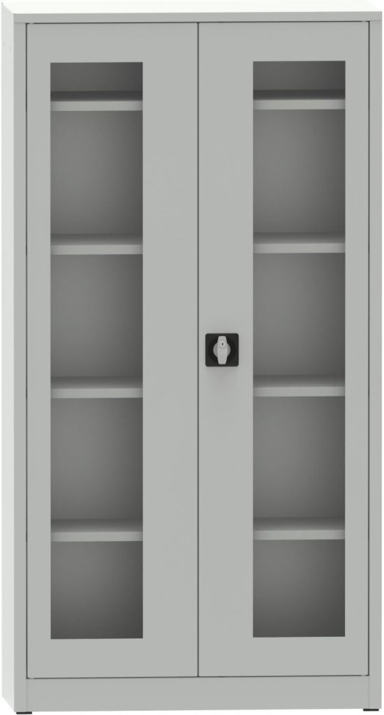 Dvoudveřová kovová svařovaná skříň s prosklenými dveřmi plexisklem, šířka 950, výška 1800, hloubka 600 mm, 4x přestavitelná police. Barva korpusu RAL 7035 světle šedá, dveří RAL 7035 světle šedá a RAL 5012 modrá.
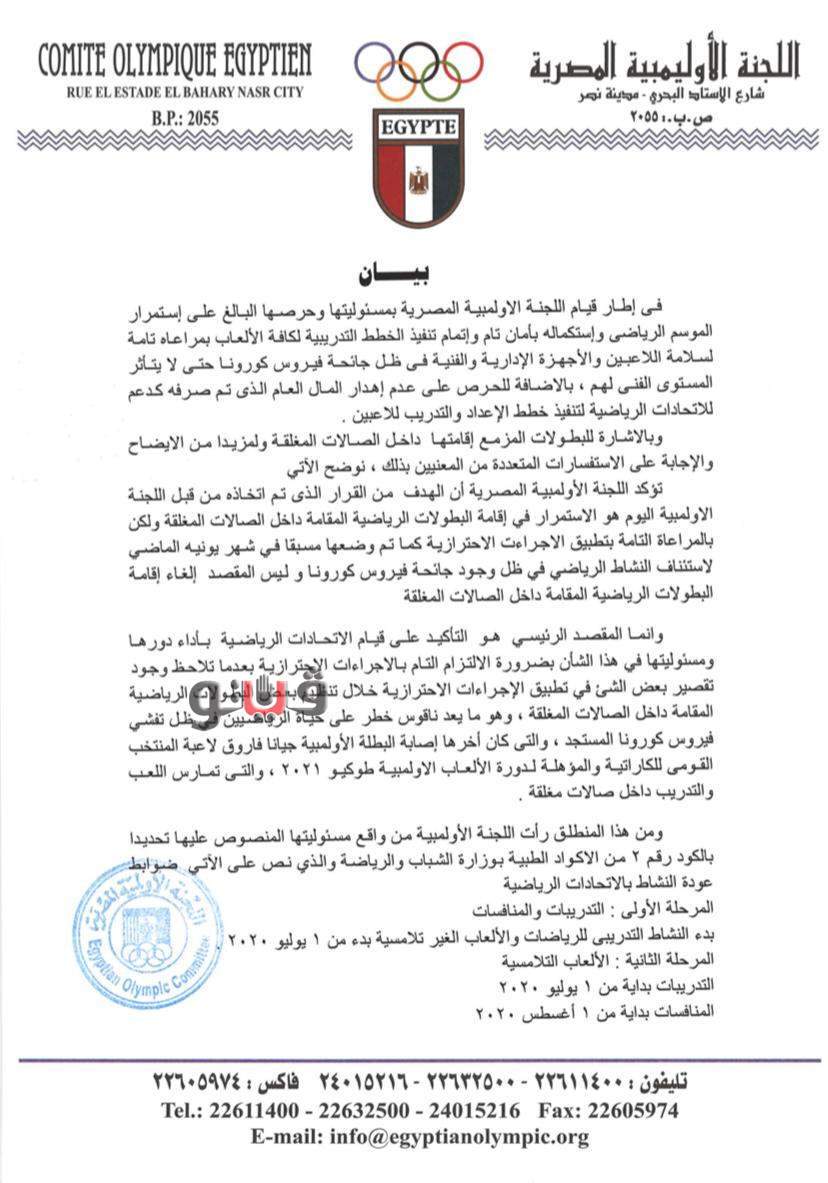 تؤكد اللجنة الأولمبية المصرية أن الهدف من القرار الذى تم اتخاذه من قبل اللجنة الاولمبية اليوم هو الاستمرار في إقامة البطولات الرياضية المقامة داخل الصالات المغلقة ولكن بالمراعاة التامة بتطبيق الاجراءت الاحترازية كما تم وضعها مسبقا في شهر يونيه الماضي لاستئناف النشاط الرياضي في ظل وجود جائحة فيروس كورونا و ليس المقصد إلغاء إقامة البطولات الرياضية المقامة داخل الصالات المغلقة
...
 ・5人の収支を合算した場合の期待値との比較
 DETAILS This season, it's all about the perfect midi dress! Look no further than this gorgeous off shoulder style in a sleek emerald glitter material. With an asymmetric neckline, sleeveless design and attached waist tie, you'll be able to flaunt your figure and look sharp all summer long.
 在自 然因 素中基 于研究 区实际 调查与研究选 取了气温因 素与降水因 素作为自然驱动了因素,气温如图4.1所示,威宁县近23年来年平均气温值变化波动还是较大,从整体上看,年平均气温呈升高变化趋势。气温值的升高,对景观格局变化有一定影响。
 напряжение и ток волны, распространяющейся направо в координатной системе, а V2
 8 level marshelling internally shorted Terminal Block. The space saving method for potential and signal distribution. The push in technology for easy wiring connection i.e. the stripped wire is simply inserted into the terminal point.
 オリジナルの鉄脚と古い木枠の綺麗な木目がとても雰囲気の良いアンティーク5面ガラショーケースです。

→ Exercise aim
The answer is the lines above between the line holding "8 level marshelling" and the line holding "オリジナルの鉄脚と古い木枠の", inclusive, each written out exactly, and no others.

→ Answer below
 8 level marshelling internally shorted Terminal Block. The space saving method for potential and signal distribution. The push in technology for easy wiring connection i.e. the stripped wire is simply inserted into the terminal point.
 オリジナルの鉄脚と古い木枠の綺麗な木目がとても雰囲気の良いアンティーク5面ガラショーケースです。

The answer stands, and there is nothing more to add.